Lignans are phenylpropanoid dimers widely distributed in the plant kingdom. Flaxseed (Linum usitatissimum L.) is one of the richest sources of dietary lignans. Plant lignans comprise one of the two main groups of phytoestrogens, the other group being the isoflavonoids.
The major flax lignan is secoisolariciresinol diglucoside (SDG). Flaxseed is the richest food source of SDG. Flaxseed also contains much smaller amounts of matairesinol, lariciresinol and pinoresinol. The plant lignans are converted by the intestinal microflora in the proximal or upper part of the large intestine to enterodiol (END) and enterolactone (ENL). END and ENL are not themselves plant lignans and are called mammalian lignans or enterolignans. Plant lignans are precursors of mammalian lignans. It is thought that many of the possible biological actions of SDG are due to its conversion to END and ENL.
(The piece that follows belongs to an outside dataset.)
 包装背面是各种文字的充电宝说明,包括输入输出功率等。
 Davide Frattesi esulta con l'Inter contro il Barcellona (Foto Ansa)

SDG is a dibenzylbutyrolactone. This is one of the two major structural types of plant lignans. The spruce lignan 7-hydroxymatairesinol also possesses this type of chemical structure. (See Spruce Lignans.) The other major chemical type is the tetrahydrofuran type that can be found in the sesame seed lignans sesamin and sesaminol. (See Sesame Seed Lignans.) The biphenolic nature of SDG resembles many of the substances known to exert estrogenic action or to block estrogen receptor sites. Lignans have been observed in some epidemiological studies to be correlated with reductions in prostate cancer and breast cancer incidence. Experimental evidence in animals has shown anticarcinogenic effects of SDG as well as cardiovascular and renal protective effects. Plant lignans began receiving much attention in the field of natural product chemistry ever since the discovery of the plant lignan podophyllotoxin, which is used as the starting compound for a few cancer drugs, including etoposide.
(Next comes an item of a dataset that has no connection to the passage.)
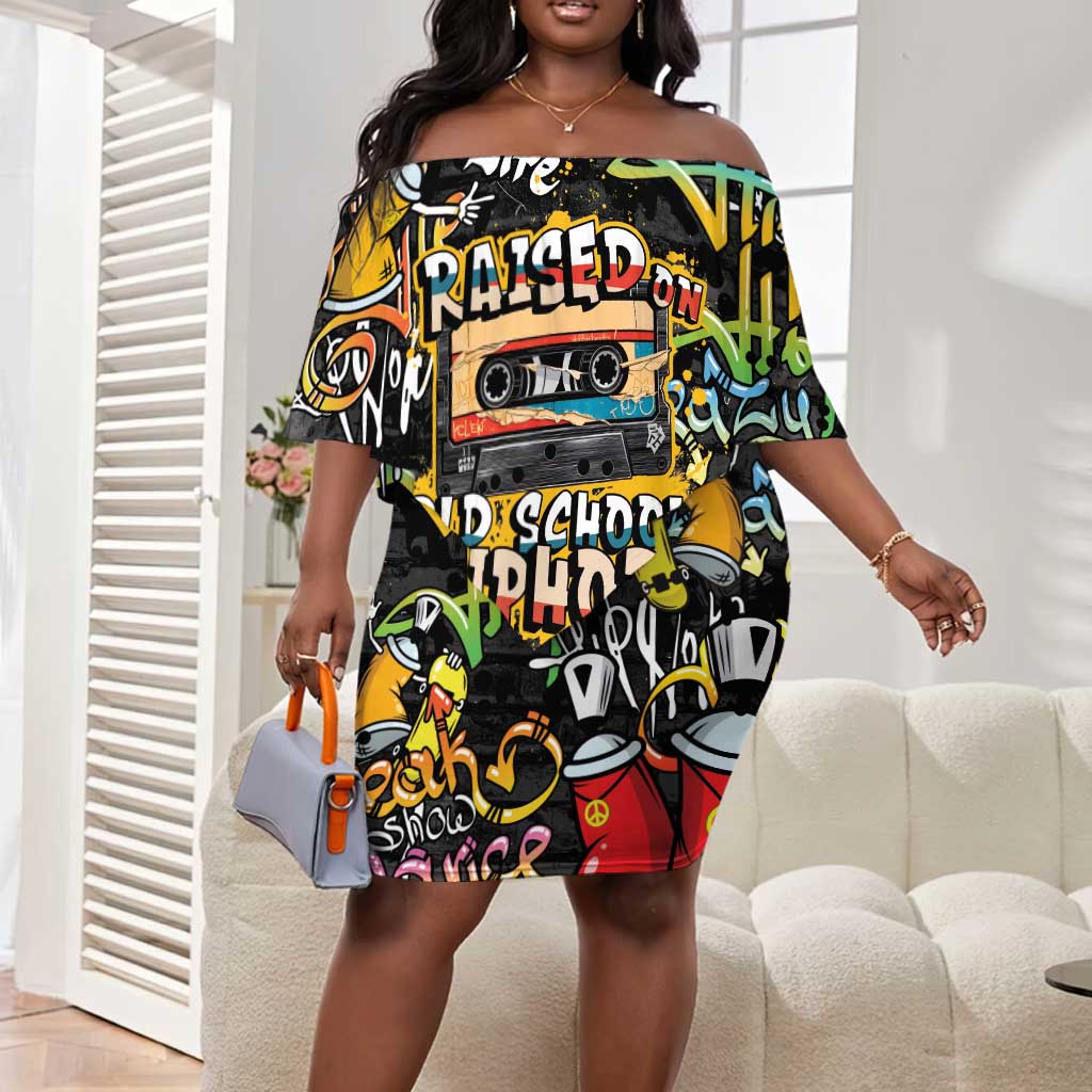 Raised On Hip Hop Off The Shoulder Long Sleeve Dress Graffiti Art Style

The chemical name for SDG is beta-D-Glucopyranoside, 2,3-bis[(4-hydroxy-3-methoxyphenyl methyl]-1,4-butanediyl bis-,[R-(R*,R*)]. Its molecular formula is C32H46O16 and its molecular weight is 686.7. Its CAS number is 158932-33-3. END is also known as 2,3-bis[(3-hydroxyphenyl)methyl]-1,4-Butanediol and has a molecular weight of 302. ENL is also known as trans-dihydro-3,4-bis[(3-hydroxyphenyl)methyl]-2(3H)-Furanone and has a molecular weight of 298. The aglycone of SDG is secoisolariciresinol (SECO). SECO is also known as [R-(R*1,R*)-2,3-bis[(4-hydroxy-3-methoxy phenyl)methyl]-1,4-Butadiol and has a molecular weight of 362. The chemical structures below are described within this monograph.
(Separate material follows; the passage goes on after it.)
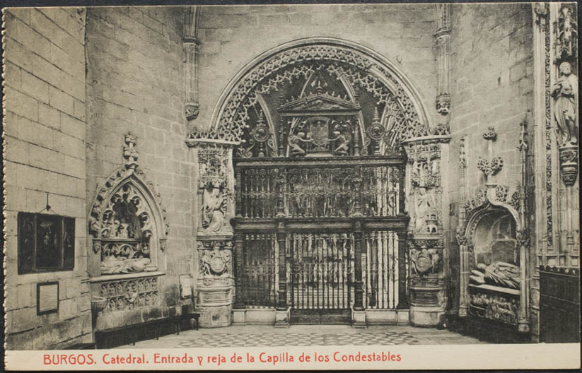 BURGOS. Cathedral. Entrance and gate of the Constables Chapel.
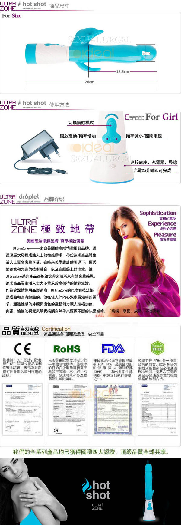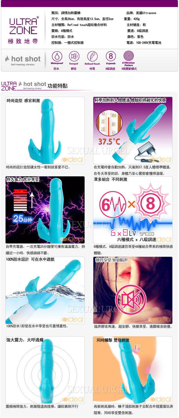.主商品:美國 Ultrazone Hot shot-Dolphin 跳躍海豚 加熱充電按摩棒-藍x1

Lignans should not be confused with lignins. A lignin is a cross-linked phenolic polymer which combines with cellulose to give woody plant tissue its rigidity.
Actions & Pharmacology
SDG has antioxidant activity. It also may have hypoglycemic, hypocholesterolemic, estrogenic, anti-estrogenic, anti-cancer, antiproliferative and renoprotective properties.
Mechanism of Action
SDG, SECO and the enterolignans END and ENL have been shown to be effective antioxidants against lipid peroxidation and oxidative DNA damage, potentially due to their free radical scavenging activity.
SDG was found to be protective against streptozotocin-induced diabetes in rats, an animal model of type 1diabetes. It delayed the onset of diabetes in the rats and was thought to act by an antioxidant mechanism. Streptozotocin is known to induce oxidative stress. SDG was also found to delay the development of type 2 diabetes in Zucker rats, an animal model of type 2 diabetes. Again, it was thought this effect was due to SDG acting as an antioxidant.
SDG was found in a human study which took place in China to lower total cholesterol and LDL-cholesterol. The mechanism of this effect is unclear.
SDG, END and ENL may block some of the cancer-inducing effects of estrogen and may have selective estrogen receptor modulating (SERM) activity.
END and ENL may also have anti-platelet-activating factor activity, which would produce anti-thrombotic activity.
END and ENL have been shown to have anti-proliferative activity against the human breast carcinoma cell line, ZR-75-1. These enterolignans also inhibit the growth of estrogen-independent human colon tumor cells.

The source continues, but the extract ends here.